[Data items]

• • •

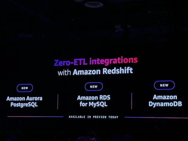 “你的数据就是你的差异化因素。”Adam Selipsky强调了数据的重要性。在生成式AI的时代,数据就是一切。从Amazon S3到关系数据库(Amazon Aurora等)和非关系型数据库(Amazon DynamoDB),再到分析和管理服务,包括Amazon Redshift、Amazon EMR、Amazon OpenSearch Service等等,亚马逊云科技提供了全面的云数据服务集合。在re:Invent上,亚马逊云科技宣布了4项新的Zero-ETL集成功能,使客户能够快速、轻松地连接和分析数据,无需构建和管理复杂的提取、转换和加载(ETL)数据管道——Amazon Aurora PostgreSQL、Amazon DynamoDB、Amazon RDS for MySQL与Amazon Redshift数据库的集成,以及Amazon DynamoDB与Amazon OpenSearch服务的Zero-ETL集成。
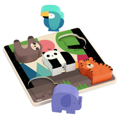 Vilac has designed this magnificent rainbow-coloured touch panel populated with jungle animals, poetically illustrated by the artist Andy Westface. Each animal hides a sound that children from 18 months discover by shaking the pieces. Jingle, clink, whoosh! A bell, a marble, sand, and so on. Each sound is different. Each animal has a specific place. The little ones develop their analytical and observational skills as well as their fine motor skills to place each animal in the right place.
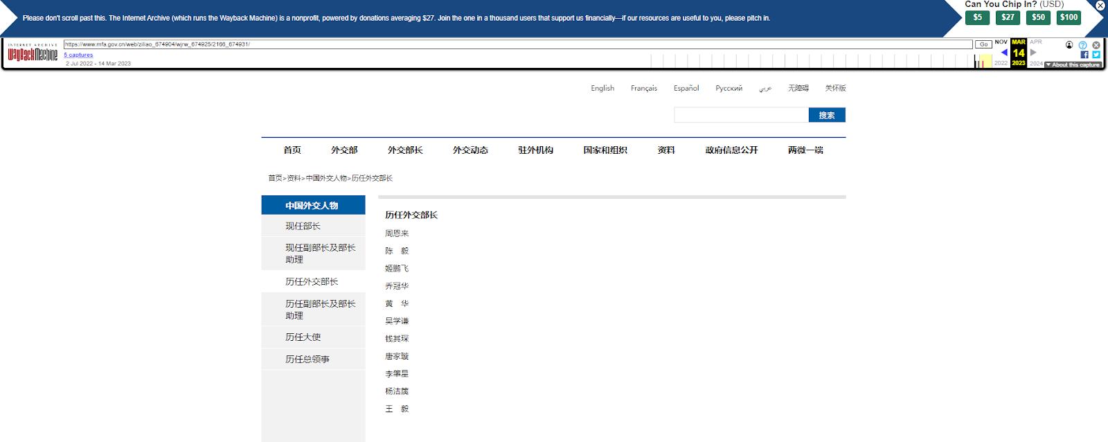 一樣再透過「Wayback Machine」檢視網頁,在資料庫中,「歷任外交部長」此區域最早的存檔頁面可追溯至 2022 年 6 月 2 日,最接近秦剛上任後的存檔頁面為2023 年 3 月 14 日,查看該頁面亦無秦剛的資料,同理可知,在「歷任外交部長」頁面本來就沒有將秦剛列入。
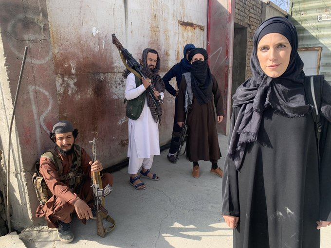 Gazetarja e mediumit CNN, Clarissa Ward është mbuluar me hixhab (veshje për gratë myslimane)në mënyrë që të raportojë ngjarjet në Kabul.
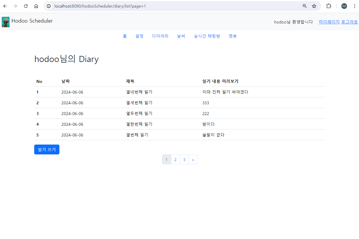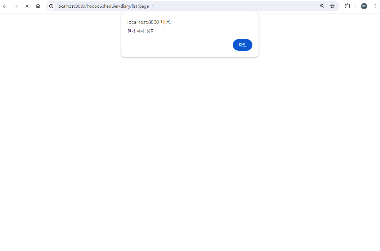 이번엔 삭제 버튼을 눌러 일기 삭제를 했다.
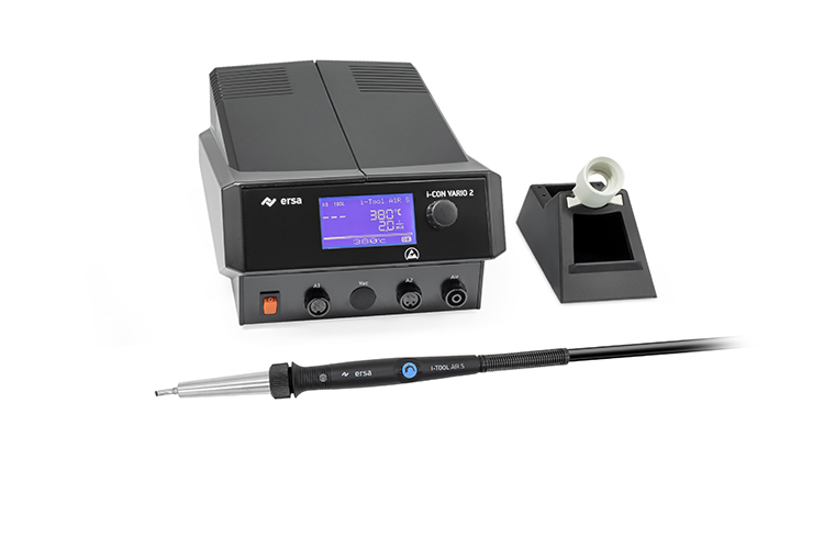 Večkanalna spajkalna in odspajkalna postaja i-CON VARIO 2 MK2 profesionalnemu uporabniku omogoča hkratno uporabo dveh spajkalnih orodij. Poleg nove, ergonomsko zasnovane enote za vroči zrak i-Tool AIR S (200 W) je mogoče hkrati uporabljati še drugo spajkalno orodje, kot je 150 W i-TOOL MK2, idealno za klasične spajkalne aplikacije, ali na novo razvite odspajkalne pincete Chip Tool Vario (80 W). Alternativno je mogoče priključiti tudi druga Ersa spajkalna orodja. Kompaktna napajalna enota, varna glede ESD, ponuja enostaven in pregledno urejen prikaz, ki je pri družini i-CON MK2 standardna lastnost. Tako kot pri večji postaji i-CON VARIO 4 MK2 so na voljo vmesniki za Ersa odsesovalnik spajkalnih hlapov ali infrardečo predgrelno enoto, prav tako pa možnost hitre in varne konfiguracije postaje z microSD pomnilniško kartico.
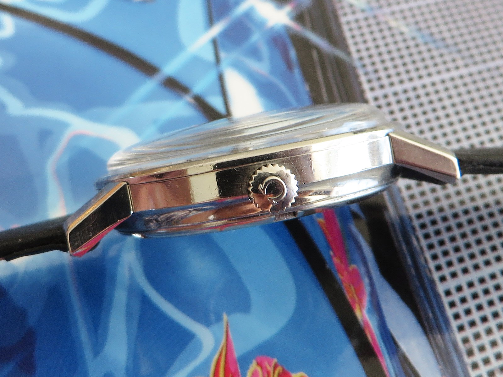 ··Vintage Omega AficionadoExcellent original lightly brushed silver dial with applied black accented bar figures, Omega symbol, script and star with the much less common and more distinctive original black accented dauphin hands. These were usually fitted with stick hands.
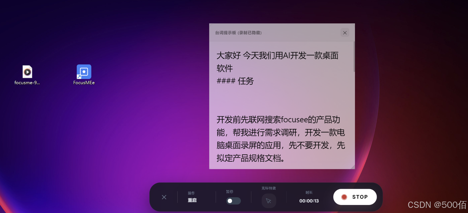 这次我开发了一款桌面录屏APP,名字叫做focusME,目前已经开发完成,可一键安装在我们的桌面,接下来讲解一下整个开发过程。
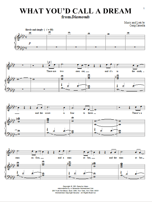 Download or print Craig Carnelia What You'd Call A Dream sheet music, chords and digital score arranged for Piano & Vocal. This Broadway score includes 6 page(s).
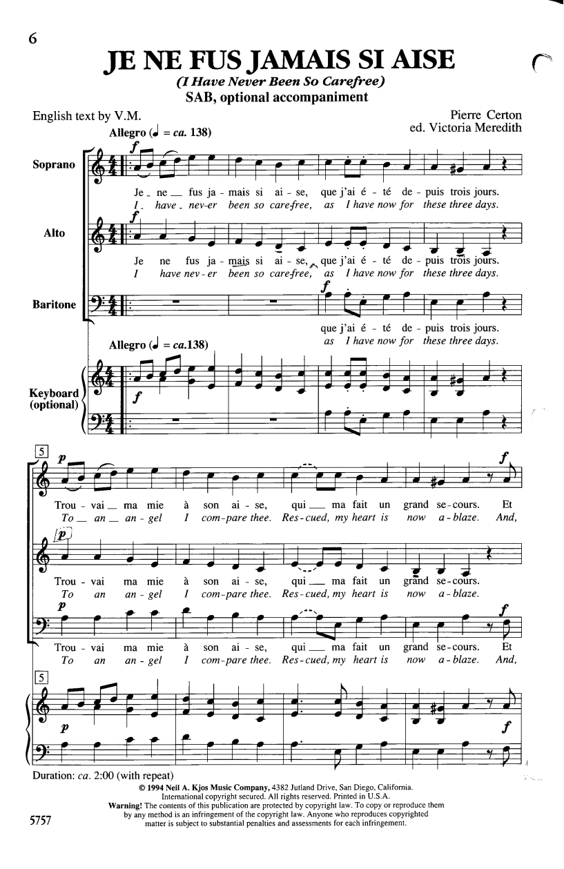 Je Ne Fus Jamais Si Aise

• • •

(Task prompt):
I would like the exact lines from the data above, starting with the one that holds "Vilac has designed" and going on through the one that holds "一樣再透過「Wayback Machine」檢視網頁,在資料庫中,「歷任外交部長」此區域最早的存檔頁面可追溯至 2022", without the pictures.

(Reply):
 Vilac has designed this magnificent rainbow-coloured touch panel populated with jungle animals, poetically illustrated by the artist Andy Westface. Each animal hides a sound that children from 18 months discover by shaking the pieces. Jingle, clink, whoosh! A bell, a marble, sand, and so on. Each sound is different. Each animal has a specific place. The little ones develop their analytical and observational skills as well as their fine motor skills to place each animal in the right place.
 一樣再透過「Wayback Machine」檢視網頁,在資料庫中,「歷任外交部長」此區域最早的存檔頁面可追溯至 2022 年 6 月 2 日,最接近秦剛上任後的存檔頁面為2023 年 3 月 14 日,查看該頁面亦無秦剛的資料,同理可知,在「歷任外交部長」頁面本來就沒有將秦剛列入。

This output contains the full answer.